Thursday, 24 October 2019
Ningaloo Reef, Western Australia
The opportunity to visit the Ningaloo Reef in Western Australia was one of the main attractions when planning this particular holiday. It's what is known as a fringing reef which means that it occurs close to shore and in fact the Ningaloo reef is considered to be one of the most accessible reefs in the World because in many places you can simply swim out to it from the shore.
Some would argue that it's more impressive even than the Great Barrier Reef, but though I've now been to both it's unfair of me to make a comparison. Not a great snorkeler, I'm also a poor swimmer and certainly I'm no diver, all of which makes it difficult for me to truly experience coral reefs and even more difficult therefore to make comparisons. However, armed with a brand new snorkel fitted with prescription lenses I gave it a go, and there was always the fall back of a glass bottom boat! Josh on the otherhand is a much better swimmer and snorkeler and even better he has an underwater camera with which he was able to take the first 10 or so of the photographs on this post.
I don't know a lot about coral reefs other than what most people know, they are animals not plants, they cover about 1% of the ocean yet contain about 25% of all marines species . They are also extremely beautiful places either for their colours or their intricate patterns and shapes, and they are under threat from climate change and pollution.
I've never before seen so many turtles as we saw on this holiday, though this green turtle is the only one we saw while snorkeling. During our frequent walks on the beach we also saw quite a few turtles surface quite close inshore and watch us as we passed by, including more greens and a few loggerheads.
Amazing to think that Josh took this with his under water camera. Green turtles can grow up to around 1.5m long from nose to tail, but this was probably half that size.
There are some incredibly impressive corals down here! This is one of the brain corals.
Quite a few giant clams as well.
Taken through the bottom of the glass bottom boat, this is a loggerhead turtle which like the green turtles can grow up to 1.5m long. They have a much more sturdy head than the green turtles and this individual can be identified as a male due to its long tail.
There were lots of fish, some much more colourful than these, swimming amongst the coral.
This mermaid even came and cleaned the bottom of the boat for us 😉.
Josh drifting past.....
The massive structure on the left, taken through the boats glass bottom and also seen from the surface in the photo below is known locally as Ayers Rock and is a 4m high and 9m diameter coral which is thought to be 3,500 years old!
Shark Lagoon at Coral Bay is a nursery for reef sharks and during our visit there were about 150 present.

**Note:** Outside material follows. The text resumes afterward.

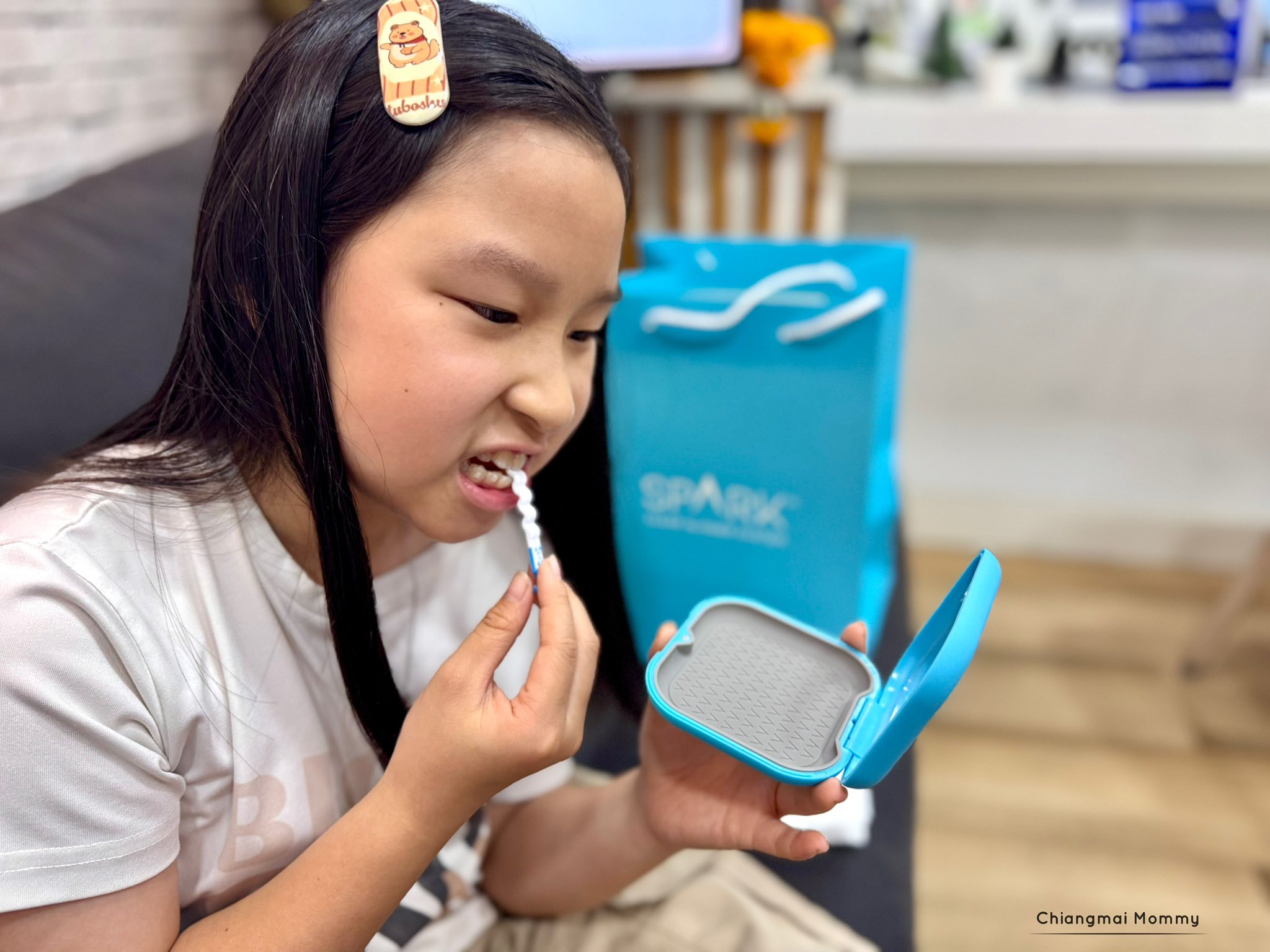 หลังจากหาข้อมูลเรื่องการจัดฟันในเด็กมาอย่างเยอะ ปรึกษาเพื่อนๆแม่ๆที่เป็นหมอฟันก็หลายคน สุดท้ายสรุปเลือกทำการจัดฟันแบบใส (Clear Aligners) ของ SPARK ซึ่งเป็นนวัตกรรมการจัดฟันแบบใหม่จากอเมริกา น่าจะเหมาะกับไลฟ์สไตล์ของบ้านเราค่ะ

Along with the blue whale at Dunsborough a couple of weeks ago, one of the highlights of our trip was finding this huge green turtle egg laying on a beach at Cape Range near Exmouth. It really is the stuff of dreams. Seeing them swimming in a coral reef is one thing, seeing them surface and watch you as you stand on the shore is another, but to find a female egg laying like this on a beach is like stumbling across the filming of a David Attenborough show. I estimated that this was about 1.5m long, and the hole it was digging probably around 2.5m diameter. We watched it under red light from our head torches for a few minutes and took a few quick photos and then left it alone. When we returned about half an hour later it was still there and we didn't need a torch because a full moon had risen and we could see it clearly in the moon light.
Amazing!
The beaches around the Ningaloo Reef have many shore birds including great knot, grey-tailed tattlers, Terek sandpipers, greater sandplovers, red-capped plovers, sanderling and red-necked stints, but most impressive to me where the terns, with several different species of all shapes and sizes seen.
Caspian, crested and roseate terns.
Brown noddy's are birds of the tropics and I have seen lots of them on the cays of the Great Barrier Reef, but this was the only one we saw on this trip.
Eastern reef egrets occur in two forms, white and dark. In my experience dark is the commoner, outnumbering the white form by 3-1 but this is very unscientific and in reality may be completely wrong! Note how short the legs are of this species compared to those of other egrets and herons.
This is the dark form of eastern reef egret, taken at Port Douglas in Queensland in October 2015.